Friday, May 14, 2004

I hear & read about all these articles on why we need to change the game of baseball just because teams won't pitch to Barry Bonds. Frankly, I am tired of the whining. If Barry Bonds wants to see some pitches to hit, he only needs to turn in one direction...the management of the San Francisco Giants. Teams know they can score on the weak pitching staff the Giants have put together. They also know the only way the Giants can out score them is if they let Barry Bonds beat them. You see, the Giants don't have any hitters around Barry Bonds for teams to be afraid of. Jeff Kent, the only player the Giants had who had some pop in his bat, is off doing his thing in Houston.

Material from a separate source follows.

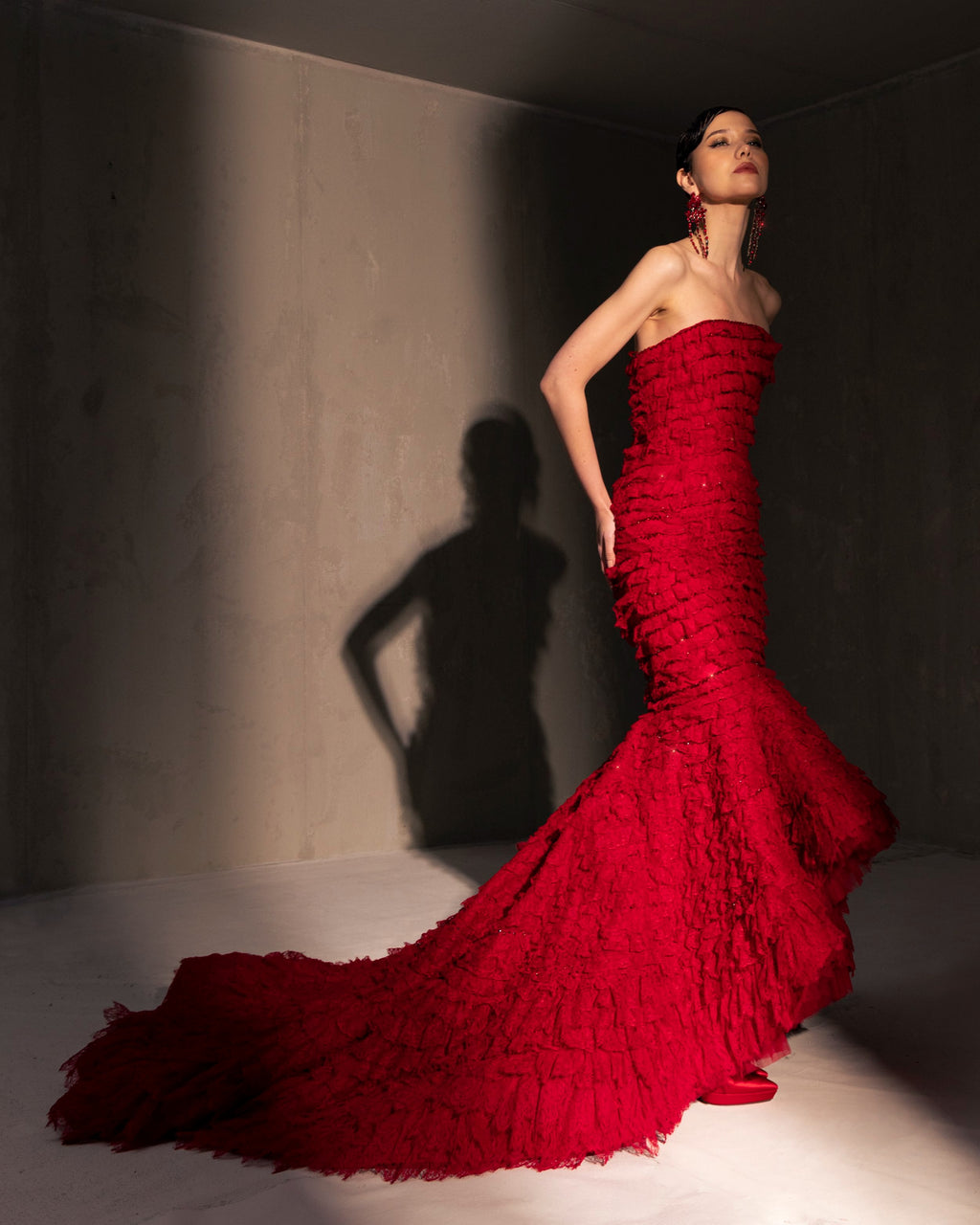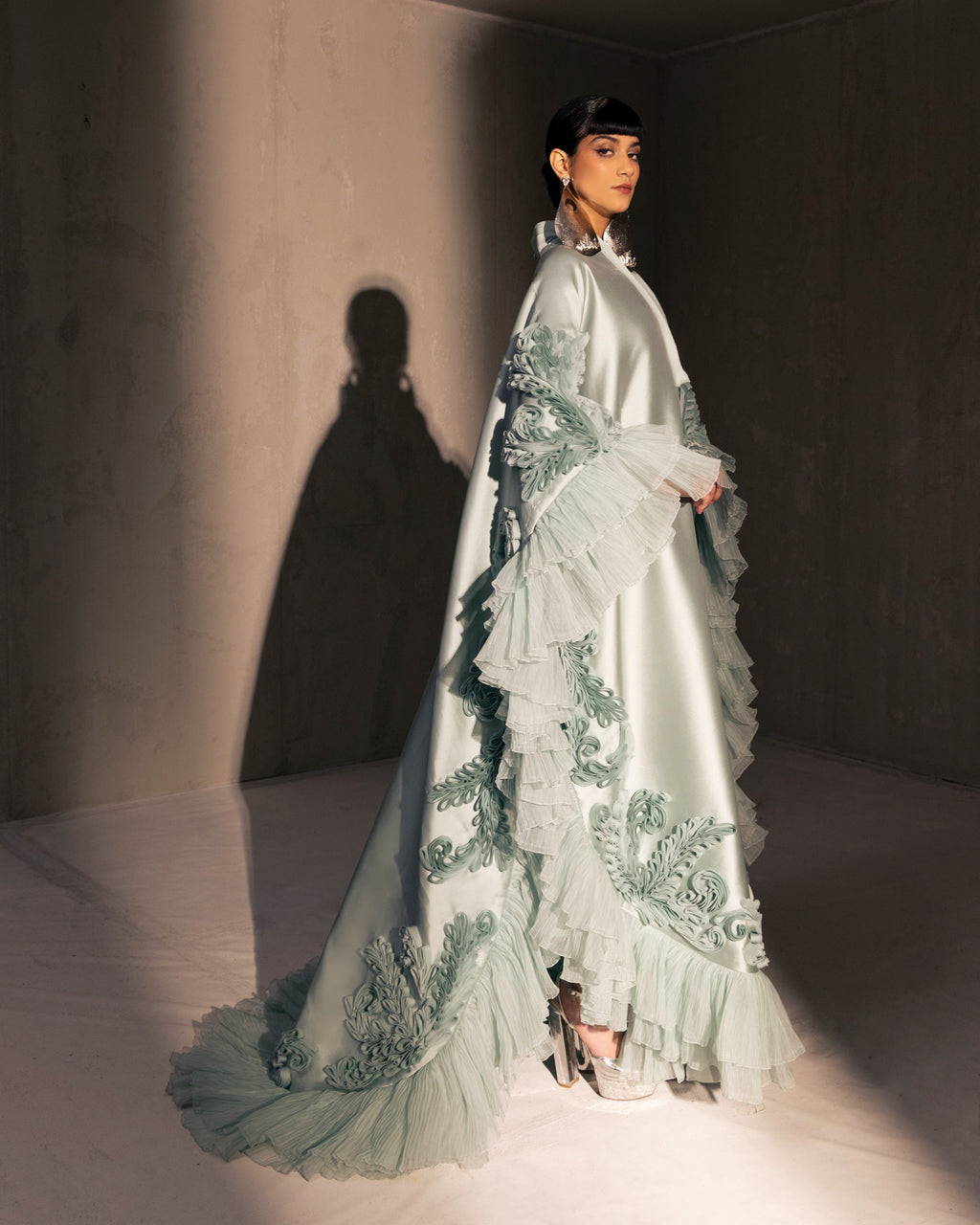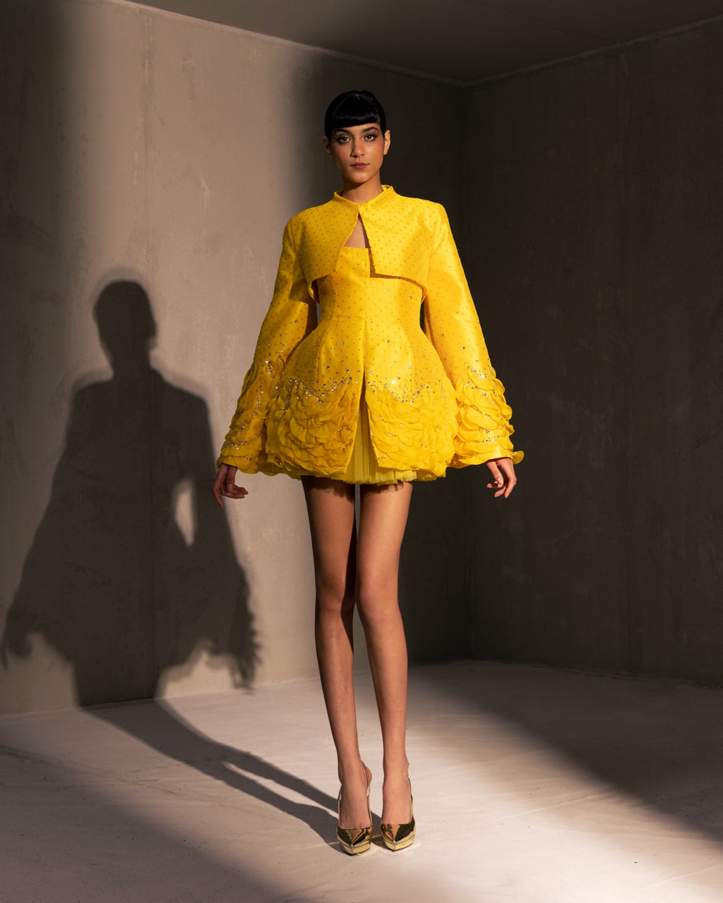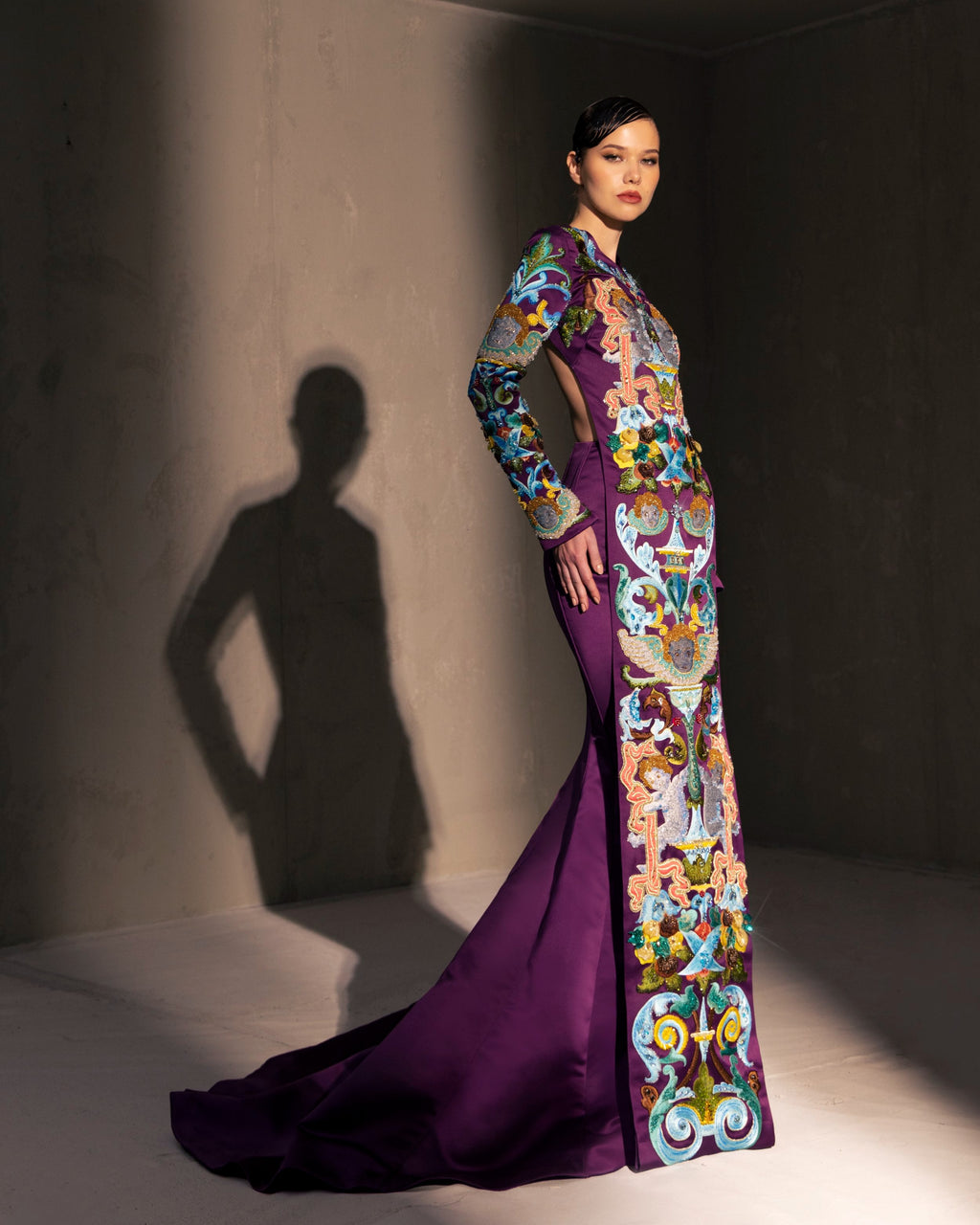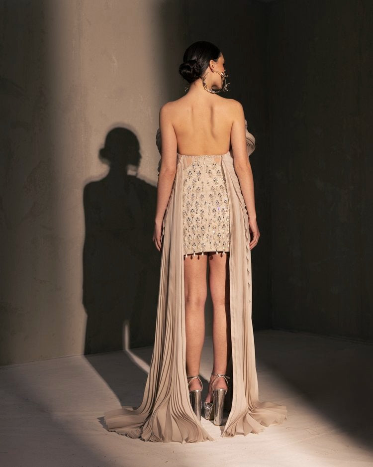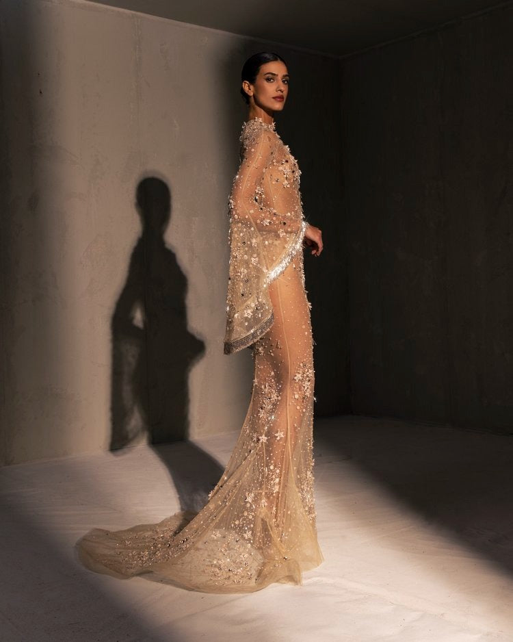 For this year's collection, atelier Elio Abou Fayssal decided to pay homage to spanish heritage. Inspired by flamenco culture, bullfighting, the vibrant spiritual traditions, ceramic murals and sevillian architecture, the designer references the glamour and beauty of Spain in elevated designs and reinterprets techniques with a dash of his unmistakable modernist yet dramatic touch.

Teams decided early in April to go ahead and pitch to Bonds & they got burned. He hit over .400 and smashed some tape measure drives into McCovey Cove. Teams in May decided, "why are we being so stupid" and pitched to everyone else except Bonds. Does it come back to bite them? Sure, every once in a while you'll here of the game where Bonds walked three times and scored two or all three of those times. But more often than not it works. Through May 12th, the No. 5 hitters for the Giants were hitting .192 (5 for 26, with one walk) this year following Bonds' intentional walks. And Bonds has scored after only seven of his 27 intentional walks….about once every four times he gets the intentional free pass.

That brings us back to the original point, "do we need to change the rules" as Jason Stark suggests in his article posted at ESPN.com? Of course not. Did we change the rules in basketball because Shaq can’t shoot free throws (can anyone say Hack-A-Shaq)? Did we change the rules in football because coaches decided to double team Jevon Kearse so he can’t get all those sacks? No. The Key is to surround the great players with enough good players so that you make them pay for doing things like this. If Bonds was batting 4th with Jeff Kent 3rd and Carlos Delgado 5th you think teams would be so eager to put him on base?

What it boils down to is this…Don’t do something radical to the game just because one individual stands out (think Kareem Abdul-Jabbar and the ban of dunking in his college days). If the Giants don’t win this year I don’t want to hear the crying from the fans in the Bay Area…there’s enough whine in NorCal already. If the Giants had a few more hitters to protect Bonds OR they had a top pitching staff where teams would be afraid to put runners on base, this wouldn’t even be an issue.

In the Article by Stark, Sandy Alderson of the A’s says, “"If we're talking Hack A Shaq you have to think about it this way: Is it better for the game for Shaq to be as dominant as he can -- and should you change the rules to make that more likely? Or should it be survival of the fittest, and clubs have to be creative in finding a better way to attack Shaq? The way it stands now, his responsibility is to become a better free-throw shooter. That would stop it.

"And the way it stands now, the best solution with Bonds is just to find a better guy to hit behind him. And not just in the fifth spot, but in the fifth and sixth spot. That's how you make teams pitch to him. You don't have to change the rules."

I couldn’t have said it better myself.